Go through the listing below and repeat it exactly, omitting each picture.

BEGIN Material provided

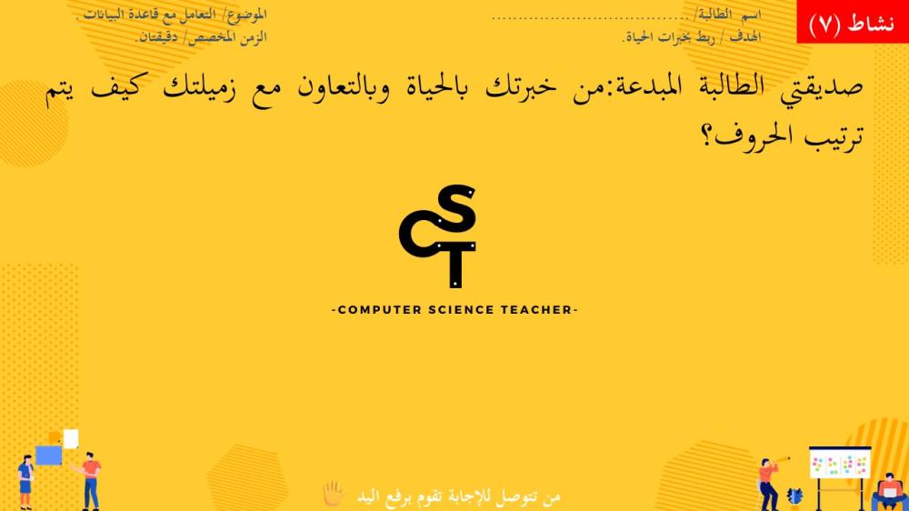 الحقوق محفوظة لحساب معلم علوم الحاسب ولا يحق للعميل نشر رابط العرض ولا تزويد الآخرين به دون دفع قيمة النسخة حتى لا يقع تحت طائلة المساءلة بقية الحقوق مرفقة بالعرض وفي صورة العينات
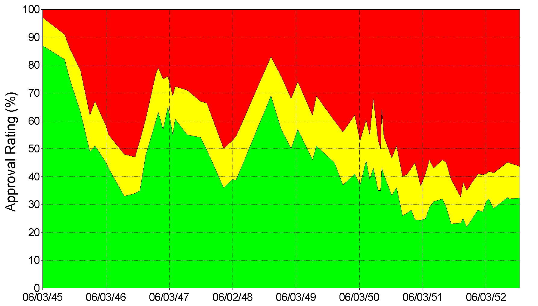 >>528920793As per wikipedia Truman had the lowest approval rating while in office of all American president in the era of polling, 22%. Even lower than Nixon at the time of his resignation or Bush jr. after the war in Iraq had ended up in a costly fiasco. What did Truman do (or was claimed to have done) to deserve it?
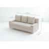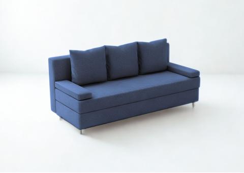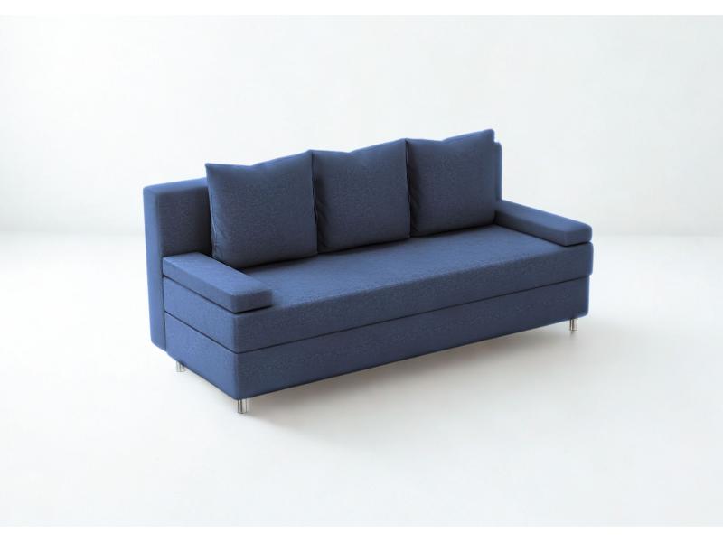 Prosta mała kanapa na srebrnych nogach o wysokości 6cm wyposażona w funkcję spania oraz dużą skrzynią na pościel. 3 duże poduszki szyte na zamkach oraz 2 piankowe podłokietniki nadają jej niebanalnego wyglądu. Sofa idealna dla małych pomieszczeń.

END Material provided

> **Answer box**:
 الحقوق محفوظة لحساب معلم علوم الحاسب ولا يحق للعميل نشر رابط العرض ولا تزويد الآخرين به دون دفع قيمة النسخة حتى لا يقع تحت طائلة المساءلة بقية الحقوق مرفقة بالعرض وفي صورة العينات
 >>528920793As per wikipedia Truman had the lowest approval rating while in office of all American president in the era of polling, 22%. Even lower than Nixon at the time of his resignation or Bush jr. after the war in Iraq had ended up in a costly fiasco. What did Truman do (or was claimed to have done) to deserve it?
 Prosta mała kanapa na srebrnych nogach o wysokości 6cm wyposażona w funkcję spania oraz dużą skrzynią na pościel. 3 duże poduszki szyte na zamkach oraz 2 piankowe podłokietniki nadają jej niebanalnego wyglądu. Sofa idealna dla małych pomieszczeń.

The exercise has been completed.